Avec deux de ses grandes banques plombées par des créances douteuses (Deutsche Bank et Commerzbank), l’entrée en quasi-récession de l’Allemagne, moteur économique européen, est emblématique de cette réalité qui frappe à la porte de l’illusion néolibérale. Le mois de juin a vu la pire chute de la production en une décennie. Au premier semestre, la commande de machine-outils, cœur du savoir-faire industriel de l’Allemagne, a reculé de 9 %. Le 19 août, après deux trimestres consécutifs d’évolution négative du PIB, la Bundesbank (banque centrale allemande) a annoncé dans son rapport mensuel que « l’économie pourrait à nouveau se contracter ». Pire, l’industrie allemande est quasiment à l’arrêt, affectée par les nouvelles normes écologiques dans l’automobile et par le ralentissement chinois.

Pour la première fois depuis treize ans, la croissance française, avec un petit 1,6 %, a été supérieure à la croissance allemande (1,4 %) ; et cet écart, d’après la Commission européenne, s’aggravera d’ici la fin de l’année où l’on anticipe une croissance de 1,3% en France et de 0,5% en Allemagne.

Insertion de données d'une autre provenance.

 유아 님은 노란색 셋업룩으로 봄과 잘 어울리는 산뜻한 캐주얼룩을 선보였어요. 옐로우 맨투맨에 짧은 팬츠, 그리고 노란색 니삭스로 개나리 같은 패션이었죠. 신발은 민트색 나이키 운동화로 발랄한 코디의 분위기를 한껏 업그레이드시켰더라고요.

Autre signe préoccupant, le 21 août, l’Allemagne a tenté de placer 2 milliards d’euros de bons du trésor à 30 ans avec des taux d’intérêts négatifs. Une première mondiale (jamais des emprunts d’État à si long terme n’avaient eu un rendement négatif) qui a rapidement tourné au fiasco, puisque seuls 689 millions ont trouvé preneur. C’est un choc car la dette allemande, réputée sûre, fait figure de valeur refuge et trouve habituellement des acheteurs sans difficultés.

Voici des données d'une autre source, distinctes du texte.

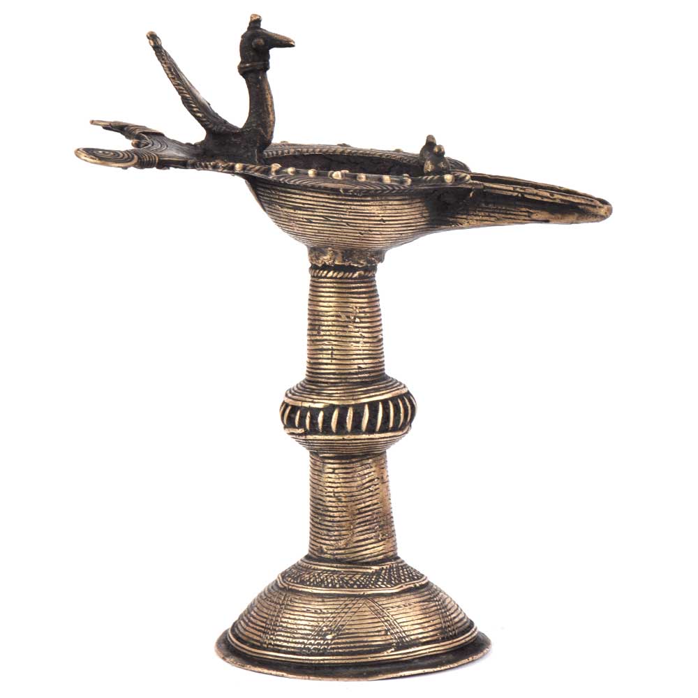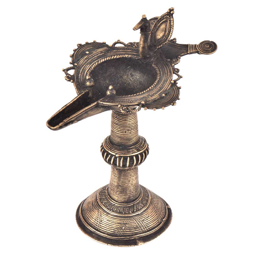 Handcrafted using old lost wax technique primarily practiced in Orrisa and West Bengals by the local or tribal artisans. In this technique the molten wax is poured into desired clay mould and when the wax melts the clay is broken and we get the desired metal object which is further polished to perfection. The Deep Cup Can Be Filled with Oil and Light a Cotton Wick. Diyas/ Oil Lamps are Considered Auspicious as in Hindu Religion. It is detailed with Elephant and Peacock Animals with Beautiful Details.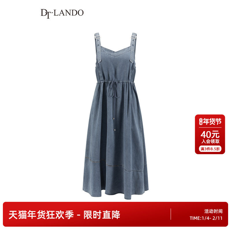 DTLANDO夏季女装收腰时尚显瘦百搭牛仔背带裙中长款无袖连衣裙子

Si la guerre commerciale entre les États-Unis et la Chine a des conséquences évidentes sur l’économie allemande – dont l’excédent commercial repose en grande partie sur la vente de voitures et de machines sur le marché chinois –, il ne s’agit que de la partie émergée de l’iceberg.

En effet, l’Allemagne paie aujourd’hui le prix d’un « modèle » qui a capitalisé sur une compétitivité obtenue grâce aux réformes Hartz du marché du travail, l’envol du travail à mi-temps chez les femmes, la délocalisation d’une partie de sa chaine de production en Europe de l’Est et le recours aux travailleurs détachées dans son agriculture, le tout toujours basé sur l’abaissement du coût du travail et donc du pouvoir d’achat d’une partie croissante des citoyens allemands ; la balance commerciale largement excédentaire qui en a résulté a certes permis un désendettement public, mais en l’absence d’une politique d’investissement tournée vers l’avenir, et avec une économie orientée vers les exportations, l’Allemagne s’est rendue vulnérable aux aléas du commerce mondial.

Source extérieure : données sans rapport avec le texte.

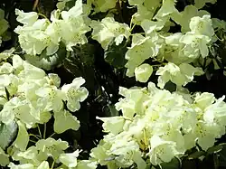 Rhododendron campylocarpum is a rhododendron species.[1] It is native to eastern Nepal, Sikkim, Bhutan, Arunachal Pradesh, southeastern Tibet, and southwestern China, where it grows at elevations of 3,000–4,000 m (9,800–13,100 ft). It is a shrub that grows to 2–3 m (6 ft 7 in – 9 ft 10 in) in height, with leathery leaves that are suborbicular or ovate-elliptic to oblong-elliptic, 4–8.5 cm (1.6–3.3 in) long by 2.5–4 cm (1.0–1.6 in) wide. Its flowers are yellow. It is placed in section Ponticum.[2]

De plus, sa politique de bas salaires pénalise son marché intérieur dans un pays où une part croissante du budget des ménages prend la direction du logement et alimente ce qui s’apparente de plus en plus à une bulle. Depuis 2010, les prix de l’immobilier ont flambé de 65 %, une progression de 5,7 % en moyenne par an, alors qu’ils n’avaient pas bougé dans les années 2000. Le prix des loyers s’aligne sur cette dynamique comme à Berlin, où en 10 ans les loyers ont doublé.

Souffrant de sous-investissement chronique, les infrastructures allemandes sont aujourd’hui dans un piteux état  : une étude de l’Institut allemand (DIW) publiée en septembre 2017 montrait que près de 20% des autoroutes et 41% des routes nationales ont besoin d’être remis en état. Près d’un tiers des ponts ferroviaires ont aussi dépassé leur « date de péremption ». Selon l’institut, depuis 1999, l’Allemagne aurait accumulé un retard d’investissement proche de 1.000 milliards d’euros (l’effondrement en 2018 du pont de Gênes, ou le récent rapport du Sénat sur l’état des ponts en France, ont démontré si besoin était que cette situation est loin d’être propre à l’Allemagne…).

C’est donc bien le « modèle allemand » qui s’effondre ; et avec lui, la croyance dans les vertus de l’ordolibéralisme, c’est-à-dire la rigueur budgétaire couplée au dogme de « la concurrence libre et non faussée ». Le débat s’ouvre désormais outre-Rhin sur la nécessité de jeter les sacro-saints dogmes budgétaires à la rivière et de lancer une politique d’investissements publics à long terme dans l’économie physique.